The people who killed Sebastian’s mother had been French. Their motives and which of France’s multiple murderous political and dynastic factions they identified with had seemed important at one time. But he’d eventually come to understand that it wasn’t, that anything they might have once believed in had long ago been adulterated or destroyed by twenty-five years of bloody internecine conflict and the desperate struggle to survive it. All that mattered in the end was the shaft of cold steel they’d buried in his mother’s back before lifting her up over the worn stone parapet of an ancient Parisian bridge to send her hurtling toward the wasteland below.

She would have been conscious through it all, and Sebastian sometimes found himself re-creating in his mind what her last moments must have been like. The mist cold against her upturned face; the sight of the cloud-churned night sky above; the silver sheen of lamplight glinting on the wind-ruffled black waters of the Seine as the ground rushed up to meet her. The breath-stealing thud of impact and the shrieking agony of splintering bones.

How long had she lain there in the darkness, alone and in pain and struggling to breathe as she felt her life’s blood ebbing away? Had she been afraid when she heard the sound of approaching footsteps, only to turn her head and see the face of her last surviving son wavering above her? Had she known he was really there? he wondered. Or had she taken him for a mere figment of her imagination, conjured up by some alchemy of impending death to comfort her as she began her long journey into whatever lay beyond? And he wondered, had his presence comforted her? Or had he simply reminded her, painfully, of the choices she’d made, of the beloved people, places, and things she’d left behind long ago? Of the years he had lived without her in his life and of all that she had missed?

He heard the rustle of the bedclothes behind him as Hero came to slip an arm around his side and press her body close to his. He wondered if she knew where his dreams had taken him, because for a moment she simply held him, lending him the comfort of her love and presence. Then she said, “You’re thinking it’s them, aren’t you? The French, I mean. Either Napoléon or the Bourbons?”

“It’s certainly a very strong possibility, isn’t it?” He turned to draw her into his arms and hold her closer. “But at the same time, I can’t help but wonder if perhaps I’m coming at this all wrong. What if both murders were completely random—the work of some madman who has nothing at all to do with spies or assassins or one of the women Sedgewick seduced and destroyed?”

“Do you really believe that?”

“No. But I do think there’s a tendency for the human mind to organize life into neat patterns even when none actually exist. And that means I can’t discount it as a possibility.” He held her in silence for a moment, his hand running up and down the strong curve of her back. “What if the killer stripped and mutilated his victims and hid their identities as a way to torment the men’s loved ones even more? Since he didn’t remove Sedgewick’s shirt, the killer probably didn’t even realize there were distinctive scars on his body that someone might recognize.
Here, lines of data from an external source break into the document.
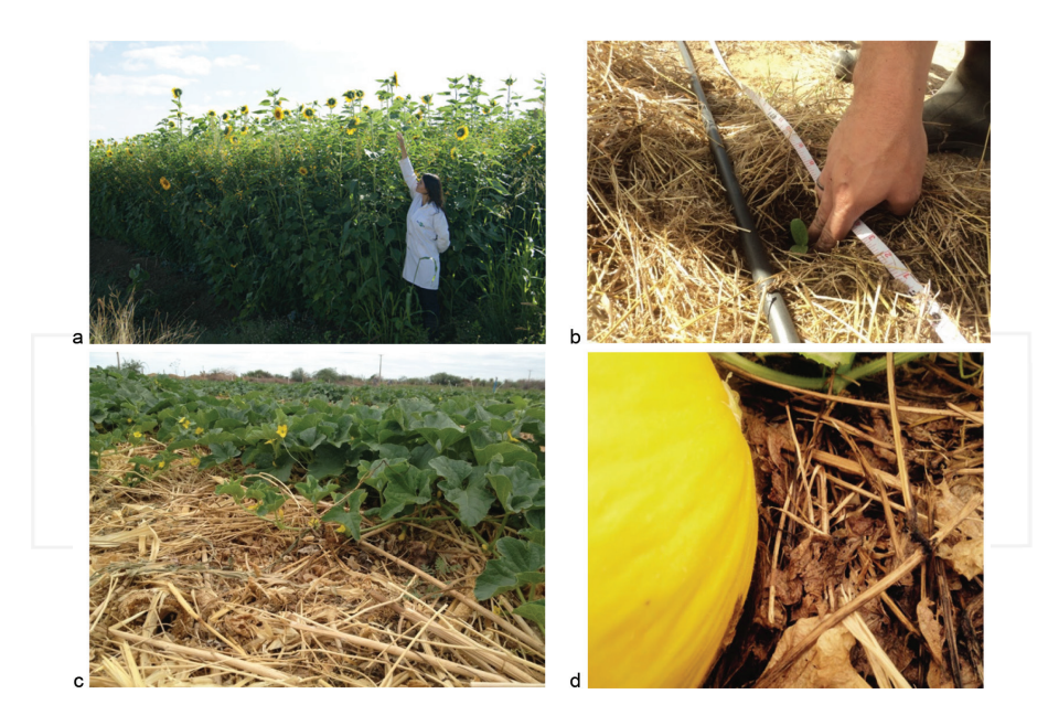
Figure 5. Plant mixture preceding melon crop (a), t melon seedlings in plant mixture residues (b), no-tillage system of melon crop (c), and detail of the harvest phase with residues still on the soil (d).

gray-seeded mucuna ( Stizolobium cinereum Piper and Tracy), crotalaria ( Crotalaria juncea ), rattlebox ( Crotalaria spectabilis ), jack beans ensiformis), lab-lab bean ( Dolichos lablab L.); grasses: sesame ( Sesamum indicum L.), corn ( Zea mays ), pearl millet ( Pennisetum americanum L.), and milo ( Sorghum vulgare Pers.); oil seed: pigeon pea ( Cajanus cajan L.), sunflower ( Helianthus annuus ), castor oil plant ( Ricinus communis L.) ( Figure 5a ). The spontaneous vegetation was composed by the predominant species: Benghal dayflower ( Commelina benghalensis L.), purple bush-bean ( Macroptilium atropurpureum ), Florida beggarweed ( Desmodium tortuosum ), and goat's head ( Acanthospermum hispidum DC).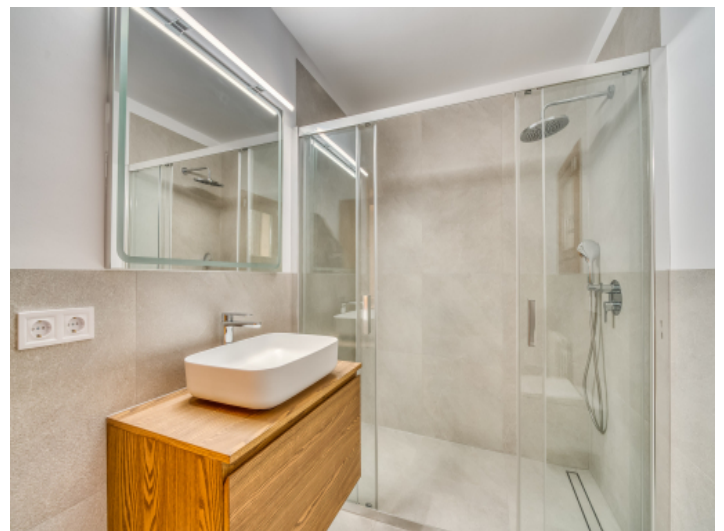
Bathroom with walk-in shower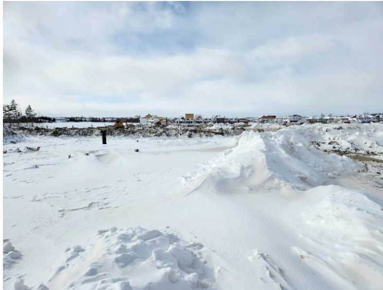
Photo 8 - Standing at the Site, looking west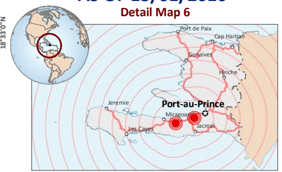
Detail Map 6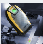
Hand Held scanners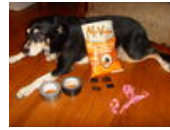
Dog Seat Belt by Coreenis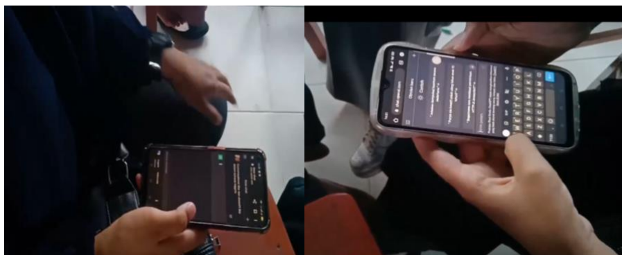
Figure 3. Students engaged in learning through ChatGPT

Regarding the ability to obtain information with ChatGPT, 60.89% of respondents rated it excellent, while 39.13% considered it good. This finding aligns with the statements of the surveys. The good news is that none of these responses can be considered harmful, indicating support for ChatGPT as a learning tool to engage participants in the online class.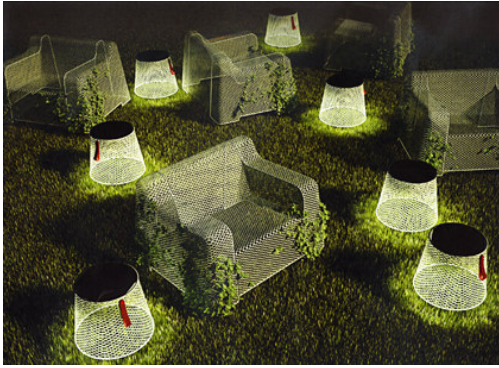
Ivy by Paola Navone / Green Energy Design

So when he killed again, he tried to make certain that wouldn’t happen.”

“By stripping his next victim completely and then cutting off his head and hands, you mean?”

“It worked, didn’t it? No one knows who the man is.”

“Yes. Except why hasn’t this second victim been reported missing?”

“That’s the part that doesn’t fit either scenario—either the one with a sick, random killer or the one in which the second killing is linked to the first by something we don’t understand because we don’t know who he is.”

Hero pressed her forehead to his, her warm breath mingling with his. She said, “I keep coming back to the fact that Sedgewick told Isabella about Fouché’s list—but he didn’t tell anyone else. What if someone in the government—or one of our allies—thought he might sell or somehow betray the contents of the official correspondence he’d been dispatched to bring back?”

He met her troubled gaze. “Someone like Jarvis, you mean?”

“Well, I can’t see either Castlereagh or Bathurst ordering one of their own men killed. But I wouldn’t put it past Jarvis.”